Douglas Coupland – Eleanor Rigby
I always look forward to Douglas Coupland books.
In typical style, Eleanor Rigby is buzzing with ideas; Liz is a grown-up Coupland character (someone who would have received less sympathy in earlier novels). She’s comfortably well off and uncomfortably friendless (all the lonely people etc). Her son reappears in her life for a brief period and unfolds a chain of events, including comets, Austrian dentists, farmers’ visions, Frankfurt airport and the ability to sing backwards.
At university we used to fill in questionnaires. The results determined your attitude to project work with the aim of forming capable groups. For example, if you were creative you hooked up with someone who could be bothered to write the report up. Coupland is an ideas man, but he certainly isn’t a completer / finisher. So many themes are developed: relationships with God, the passing of time, rewriting history, the backwards & the forwards. Some burn, others fizzle. His books are almost structured like thrillers, but with less tangible concepts. And missing the chapter which knots them into a satisfying whole.

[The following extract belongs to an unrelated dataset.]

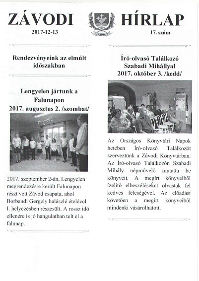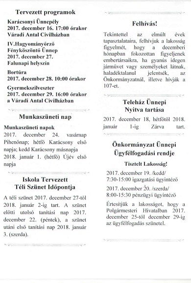 November-Decemberi hírlevél 17. szám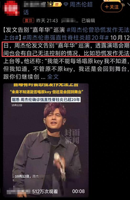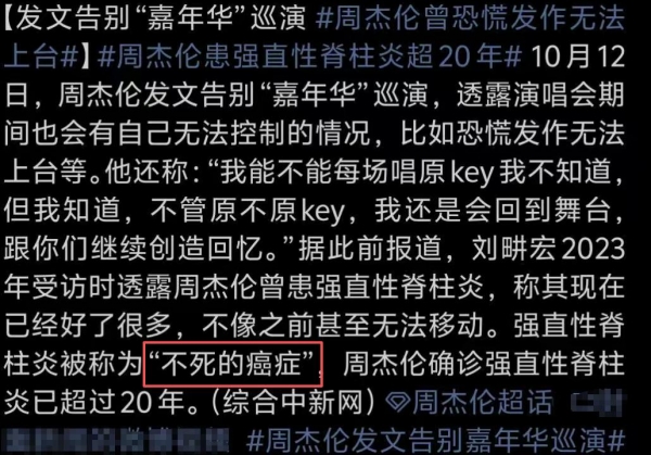 周杰伦发文告别!确诊“不死癌症”已超20年

As with previous novels the dialogue is snappy: “He had a complexion that said, I like vodka.” “My mother was lost to Cognac.” The sort of things you wish to say at dinner parties but only characters in Coupland books actually do.
At first I thought the text might be full of Beatles songs. The same way as Girlfriend in a Coma was splattered with Smiths references. Must have been hard to resist, but perhaps too obvious (or too costly?)
I always look forward to Douglas Coupland books and I’m always disappointed by the endings.